Would you tolerate this from your adult son?

For years I’ve watched my mum live in an emotionally, verbally, physically, and financially abusive relationship with my 18-year-old brother.

He follows Andrew Tate’s misogynistic “red pill” incel ideology and believes women exist to serve men. My mum hides the abuse and makes excuses for him, but it’s getting worse. He’s been physically abusive—pushing, punching her, throwing objects at me when I was pregnant, and kicking holes in doors. His behavior keeps escalating.

He controls every aspect of her life and treats her like a servant. She has to cook expensive meals (which are never good enough and often have to be redone), run his baths (and re-run them when the water gets cold because he hasn’t gotten in yet), and constantly take him on shopping trips. She has to go upstairs to turn off his light even when he’s sitting right next to it. If she makes noise while he’s on the phone, she’s not allowed upstairs. Once, he smashed a plate of curry against the wall because it wasn’t “good enough.”

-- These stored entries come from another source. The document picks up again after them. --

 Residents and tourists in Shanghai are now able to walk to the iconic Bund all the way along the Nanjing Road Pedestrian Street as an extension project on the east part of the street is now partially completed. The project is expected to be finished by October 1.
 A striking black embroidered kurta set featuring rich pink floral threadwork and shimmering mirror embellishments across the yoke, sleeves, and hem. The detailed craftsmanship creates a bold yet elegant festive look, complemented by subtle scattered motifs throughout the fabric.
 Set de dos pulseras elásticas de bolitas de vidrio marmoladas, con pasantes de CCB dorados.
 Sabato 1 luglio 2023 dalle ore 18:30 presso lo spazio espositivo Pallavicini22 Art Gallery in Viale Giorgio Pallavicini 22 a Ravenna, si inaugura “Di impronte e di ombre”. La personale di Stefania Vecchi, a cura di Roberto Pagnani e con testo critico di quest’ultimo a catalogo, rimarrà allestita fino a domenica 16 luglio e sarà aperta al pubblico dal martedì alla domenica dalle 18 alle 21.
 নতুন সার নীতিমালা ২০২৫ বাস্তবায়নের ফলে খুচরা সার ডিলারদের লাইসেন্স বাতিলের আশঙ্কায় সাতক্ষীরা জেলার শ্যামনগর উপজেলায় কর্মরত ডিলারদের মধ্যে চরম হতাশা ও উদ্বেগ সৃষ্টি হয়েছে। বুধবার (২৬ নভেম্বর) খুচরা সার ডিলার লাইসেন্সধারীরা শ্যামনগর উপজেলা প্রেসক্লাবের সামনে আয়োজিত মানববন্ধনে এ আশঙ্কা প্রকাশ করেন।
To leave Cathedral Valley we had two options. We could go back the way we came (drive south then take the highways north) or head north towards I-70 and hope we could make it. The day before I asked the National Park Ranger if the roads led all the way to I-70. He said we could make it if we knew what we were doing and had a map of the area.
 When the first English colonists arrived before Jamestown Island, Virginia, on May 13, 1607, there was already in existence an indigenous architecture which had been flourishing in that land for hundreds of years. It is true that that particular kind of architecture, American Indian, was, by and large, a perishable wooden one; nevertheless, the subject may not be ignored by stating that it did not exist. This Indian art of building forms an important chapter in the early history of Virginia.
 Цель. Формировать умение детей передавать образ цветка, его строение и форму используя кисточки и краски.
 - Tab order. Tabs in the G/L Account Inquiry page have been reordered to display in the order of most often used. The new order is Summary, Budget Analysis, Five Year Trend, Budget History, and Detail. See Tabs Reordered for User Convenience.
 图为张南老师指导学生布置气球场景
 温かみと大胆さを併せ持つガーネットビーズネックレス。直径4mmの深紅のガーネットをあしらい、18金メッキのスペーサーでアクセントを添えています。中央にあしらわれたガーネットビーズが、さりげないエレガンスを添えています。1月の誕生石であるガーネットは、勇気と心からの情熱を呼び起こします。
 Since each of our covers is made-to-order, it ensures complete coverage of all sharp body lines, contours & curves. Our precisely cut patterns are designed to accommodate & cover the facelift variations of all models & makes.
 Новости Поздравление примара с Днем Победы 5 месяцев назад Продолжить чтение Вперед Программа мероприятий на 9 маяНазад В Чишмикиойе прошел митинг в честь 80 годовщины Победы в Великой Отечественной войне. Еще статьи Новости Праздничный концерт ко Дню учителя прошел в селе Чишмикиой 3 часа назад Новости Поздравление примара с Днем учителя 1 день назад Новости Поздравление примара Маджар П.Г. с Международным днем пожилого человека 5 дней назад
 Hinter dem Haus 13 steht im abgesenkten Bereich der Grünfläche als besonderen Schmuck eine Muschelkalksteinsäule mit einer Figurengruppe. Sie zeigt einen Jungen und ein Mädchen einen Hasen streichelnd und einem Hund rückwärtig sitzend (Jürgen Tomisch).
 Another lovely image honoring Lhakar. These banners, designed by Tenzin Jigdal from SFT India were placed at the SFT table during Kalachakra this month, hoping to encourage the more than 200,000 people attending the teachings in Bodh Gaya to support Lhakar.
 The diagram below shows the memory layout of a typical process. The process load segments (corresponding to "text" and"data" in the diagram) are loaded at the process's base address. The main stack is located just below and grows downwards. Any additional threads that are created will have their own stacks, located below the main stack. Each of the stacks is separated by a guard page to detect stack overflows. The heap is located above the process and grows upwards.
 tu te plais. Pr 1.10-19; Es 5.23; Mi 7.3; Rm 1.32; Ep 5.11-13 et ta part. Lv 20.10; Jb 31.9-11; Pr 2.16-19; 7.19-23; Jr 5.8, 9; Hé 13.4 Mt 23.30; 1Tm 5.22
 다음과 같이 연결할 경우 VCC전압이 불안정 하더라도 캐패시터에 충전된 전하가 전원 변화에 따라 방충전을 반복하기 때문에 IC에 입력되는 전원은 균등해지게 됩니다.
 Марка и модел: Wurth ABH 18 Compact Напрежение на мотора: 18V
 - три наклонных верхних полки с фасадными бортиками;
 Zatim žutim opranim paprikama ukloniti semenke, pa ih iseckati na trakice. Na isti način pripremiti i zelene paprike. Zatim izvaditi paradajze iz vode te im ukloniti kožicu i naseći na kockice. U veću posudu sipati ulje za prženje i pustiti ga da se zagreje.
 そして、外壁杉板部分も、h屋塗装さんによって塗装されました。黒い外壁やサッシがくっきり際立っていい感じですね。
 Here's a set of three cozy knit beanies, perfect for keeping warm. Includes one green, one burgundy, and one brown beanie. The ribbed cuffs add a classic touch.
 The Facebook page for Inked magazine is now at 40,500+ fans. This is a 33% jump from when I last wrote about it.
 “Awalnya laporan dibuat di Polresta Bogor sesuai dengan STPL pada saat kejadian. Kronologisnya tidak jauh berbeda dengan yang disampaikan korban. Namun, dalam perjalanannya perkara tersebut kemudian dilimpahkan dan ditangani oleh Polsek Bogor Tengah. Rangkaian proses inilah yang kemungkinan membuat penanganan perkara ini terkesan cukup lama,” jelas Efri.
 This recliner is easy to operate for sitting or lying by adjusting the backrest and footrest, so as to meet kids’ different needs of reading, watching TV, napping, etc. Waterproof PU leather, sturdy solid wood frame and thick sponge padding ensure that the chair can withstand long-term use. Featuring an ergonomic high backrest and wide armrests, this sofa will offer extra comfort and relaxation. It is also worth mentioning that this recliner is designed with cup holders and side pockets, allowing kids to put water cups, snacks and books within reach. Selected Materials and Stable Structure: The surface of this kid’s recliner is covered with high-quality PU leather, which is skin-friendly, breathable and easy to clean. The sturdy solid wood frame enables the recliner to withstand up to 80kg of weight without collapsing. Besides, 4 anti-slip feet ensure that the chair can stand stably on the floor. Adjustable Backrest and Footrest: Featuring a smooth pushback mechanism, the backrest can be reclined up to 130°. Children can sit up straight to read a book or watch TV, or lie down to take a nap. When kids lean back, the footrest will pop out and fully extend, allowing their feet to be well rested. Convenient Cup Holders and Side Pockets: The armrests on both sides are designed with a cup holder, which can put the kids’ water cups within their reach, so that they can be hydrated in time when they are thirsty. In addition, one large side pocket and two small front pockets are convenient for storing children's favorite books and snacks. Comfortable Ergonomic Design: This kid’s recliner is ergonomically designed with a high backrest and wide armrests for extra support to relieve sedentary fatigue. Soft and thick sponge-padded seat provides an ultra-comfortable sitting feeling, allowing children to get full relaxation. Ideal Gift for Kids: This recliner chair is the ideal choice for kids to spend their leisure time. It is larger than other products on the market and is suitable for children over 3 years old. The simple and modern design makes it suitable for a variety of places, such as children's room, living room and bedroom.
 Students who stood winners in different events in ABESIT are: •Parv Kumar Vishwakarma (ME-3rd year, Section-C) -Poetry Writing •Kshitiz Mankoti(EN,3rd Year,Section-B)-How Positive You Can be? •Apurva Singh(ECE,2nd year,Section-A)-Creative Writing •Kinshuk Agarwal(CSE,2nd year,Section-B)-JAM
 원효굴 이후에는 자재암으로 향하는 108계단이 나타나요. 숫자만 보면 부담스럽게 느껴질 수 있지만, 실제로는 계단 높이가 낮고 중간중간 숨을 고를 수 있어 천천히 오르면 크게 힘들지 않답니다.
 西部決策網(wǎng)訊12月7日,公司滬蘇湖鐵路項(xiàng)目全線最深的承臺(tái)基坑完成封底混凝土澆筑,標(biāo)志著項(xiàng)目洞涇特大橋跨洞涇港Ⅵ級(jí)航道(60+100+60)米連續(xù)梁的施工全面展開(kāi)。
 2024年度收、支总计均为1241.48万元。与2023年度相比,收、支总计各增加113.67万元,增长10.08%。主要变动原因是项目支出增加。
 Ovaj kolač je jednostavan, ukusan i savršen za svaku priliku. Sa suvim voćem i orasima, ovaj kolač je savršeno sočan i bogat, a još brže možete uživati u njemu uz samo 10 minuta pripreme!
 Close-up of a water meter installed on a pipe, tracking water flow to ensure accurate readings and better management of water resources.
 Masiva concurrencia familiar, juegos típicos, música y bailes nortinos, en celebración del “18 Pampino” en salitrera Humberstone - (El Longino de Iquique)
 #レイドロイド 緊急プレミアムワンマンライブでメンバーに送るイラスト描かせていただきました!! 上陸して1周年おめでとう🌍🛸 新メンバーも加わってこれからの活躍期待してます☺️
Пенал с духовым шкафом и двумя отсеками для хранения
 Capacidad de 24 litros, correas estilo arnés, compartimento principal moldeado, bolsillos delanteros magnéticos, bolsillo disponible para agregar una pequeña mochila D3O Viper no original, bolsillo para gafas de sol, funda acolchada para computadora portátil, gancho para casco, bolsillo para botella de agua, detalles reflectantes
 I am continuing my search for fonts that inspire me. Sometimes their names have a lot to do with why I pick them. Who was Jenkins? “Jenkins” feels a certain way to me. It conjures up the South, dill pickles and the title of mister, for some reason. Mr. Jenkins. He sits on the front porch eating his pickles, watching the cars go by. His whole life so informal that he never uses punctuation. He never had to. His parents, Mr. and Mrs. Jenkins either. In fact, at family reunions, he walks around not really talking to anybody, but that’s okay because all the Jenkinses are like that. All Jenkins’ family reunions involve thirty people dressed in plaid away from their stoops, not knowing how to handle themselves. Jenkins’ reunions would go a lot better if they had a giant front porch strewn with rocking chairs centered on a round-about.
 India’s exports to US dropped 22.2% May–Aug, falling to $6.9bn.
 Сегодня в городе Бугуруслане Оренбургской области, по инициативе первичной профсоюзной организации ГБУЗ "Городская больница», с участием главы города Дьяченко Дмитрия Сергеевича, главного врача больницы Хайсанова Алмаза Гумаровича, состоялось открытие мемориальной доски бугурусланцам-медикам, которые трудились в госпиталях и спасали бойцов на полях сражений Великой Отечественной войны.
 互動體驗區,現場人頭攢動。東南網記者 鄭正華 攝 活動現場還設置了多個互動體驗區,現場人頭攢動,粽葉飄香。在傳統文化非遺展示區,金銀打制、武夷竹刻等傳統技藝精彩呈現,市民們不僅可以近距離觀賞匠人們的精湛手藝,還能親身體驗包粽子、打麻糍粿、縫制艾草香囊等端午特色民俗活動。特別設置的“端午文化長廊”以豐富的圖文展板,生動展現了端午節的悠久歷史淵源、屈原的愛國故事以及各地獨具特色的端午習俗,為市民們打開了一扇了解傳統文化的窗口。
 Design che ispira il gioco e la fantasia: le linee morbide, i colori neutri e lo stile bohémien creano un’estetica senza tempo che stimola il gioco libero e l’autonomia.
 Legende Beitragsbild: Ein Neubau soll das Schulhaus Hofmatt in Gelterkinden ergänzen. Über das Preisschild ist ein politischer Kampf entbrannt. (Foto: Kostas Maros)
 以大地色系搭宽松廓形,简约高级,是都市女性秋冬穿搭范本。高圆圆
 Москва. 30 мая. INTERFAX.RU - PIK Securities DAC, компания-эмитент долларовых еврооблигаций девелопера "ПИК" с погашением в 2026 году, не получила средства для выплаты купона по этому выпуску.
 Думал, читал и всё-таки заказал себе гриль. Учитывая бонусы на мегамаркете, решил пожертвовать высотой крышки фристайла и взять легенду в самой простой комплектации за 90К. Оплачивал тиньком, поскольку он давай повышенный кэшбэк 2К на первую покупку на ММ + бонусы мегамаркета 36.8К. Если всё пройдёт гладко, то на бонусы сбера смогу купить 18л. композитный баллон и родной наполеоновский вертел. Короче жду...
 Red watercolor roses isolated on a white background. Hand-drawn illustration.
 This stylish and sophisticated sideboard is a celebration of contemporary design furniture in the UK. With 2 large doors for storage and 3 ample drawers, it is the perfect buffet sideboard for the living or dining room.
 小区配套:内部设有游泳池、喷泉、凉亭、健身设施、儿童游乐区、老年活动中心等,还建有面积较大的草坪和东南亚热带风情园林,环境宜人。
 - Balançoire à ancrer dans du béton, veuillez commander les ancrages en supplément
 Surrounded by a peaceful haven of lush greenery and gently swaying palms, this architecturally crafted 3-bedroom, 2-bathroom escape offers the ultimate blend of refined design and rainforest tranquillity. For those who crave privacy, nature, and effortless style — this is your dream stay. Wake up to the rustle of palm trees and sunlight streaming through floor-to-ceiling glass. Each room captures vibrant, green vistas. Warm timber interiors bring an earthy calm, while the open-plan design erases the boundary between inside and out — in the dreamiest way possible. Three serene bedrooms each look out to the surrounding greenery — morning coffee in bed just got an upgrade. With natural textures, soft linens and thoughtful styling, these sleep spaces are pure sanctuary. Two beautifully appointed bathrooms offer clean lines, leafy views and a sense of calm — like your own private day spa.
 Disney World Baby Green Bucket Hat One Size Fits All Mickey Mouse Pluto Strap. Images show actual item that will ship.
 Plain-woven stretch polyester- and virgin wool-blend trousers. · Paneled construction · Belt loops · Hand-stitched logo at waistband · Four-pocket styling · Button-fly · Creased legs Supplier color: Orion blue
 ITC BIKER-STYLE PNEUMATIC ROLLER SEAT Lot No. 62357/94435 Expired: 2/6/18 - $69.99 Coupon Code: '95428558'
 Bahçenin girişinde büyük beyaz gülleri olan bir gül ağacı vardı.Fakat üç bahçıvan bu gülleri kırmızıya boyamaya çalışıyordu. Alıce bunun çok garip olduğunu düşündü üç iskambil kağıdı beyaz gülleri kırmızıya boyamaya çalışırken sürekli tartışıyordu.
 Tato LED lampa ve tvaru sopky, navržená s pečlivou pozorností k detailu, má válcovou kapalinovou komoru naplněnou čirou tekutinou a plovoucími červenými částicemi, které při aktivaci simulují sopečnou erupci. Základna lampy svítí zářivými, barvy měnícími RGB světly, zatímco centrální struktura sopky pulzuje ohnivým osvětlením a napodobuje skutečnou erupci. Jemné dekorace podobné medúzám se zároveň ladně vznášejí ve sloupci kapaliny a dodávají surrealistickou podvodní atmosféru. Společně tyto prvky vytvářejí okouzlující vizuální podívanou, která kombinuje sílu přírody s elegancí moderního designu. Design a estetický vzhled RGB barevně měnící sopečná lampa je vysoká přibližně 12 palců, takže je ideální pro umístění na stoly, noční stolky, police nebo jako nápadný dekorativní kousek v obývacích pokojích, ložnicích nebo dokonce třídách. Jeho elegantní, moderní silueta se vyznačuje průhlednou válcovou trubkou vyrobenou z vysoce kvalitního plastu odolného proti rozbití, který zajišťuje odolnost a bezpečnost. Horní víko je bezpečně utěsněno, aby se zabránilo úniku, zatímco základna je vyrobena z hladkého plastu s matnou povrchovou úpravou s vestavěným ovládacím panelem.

She has no social life because she has to cater to him 24/7. He doesn’t let her leave the house without permission, and if she does, he bombards her with calls, texts, and thumps on the walls if she doesn’t answer. She has to tell him exactly where she is, and he demands she come home when he says so. If she doesn’t comply, he punishes her—like when he trashed the house while she was in the hospital with sepsis.

He financially abuses her. He uses her bank card to buy himself luxury clothes, takeaways, and other expensive items, forcing her to spend £200 on Ozempic and over £1000 on a caravan holiday for him. She’s in debt, and he keeps getting her card blocked. Every week, she drives miles to buy designer goods for him, only for him to send her back to return them if he changes his mind.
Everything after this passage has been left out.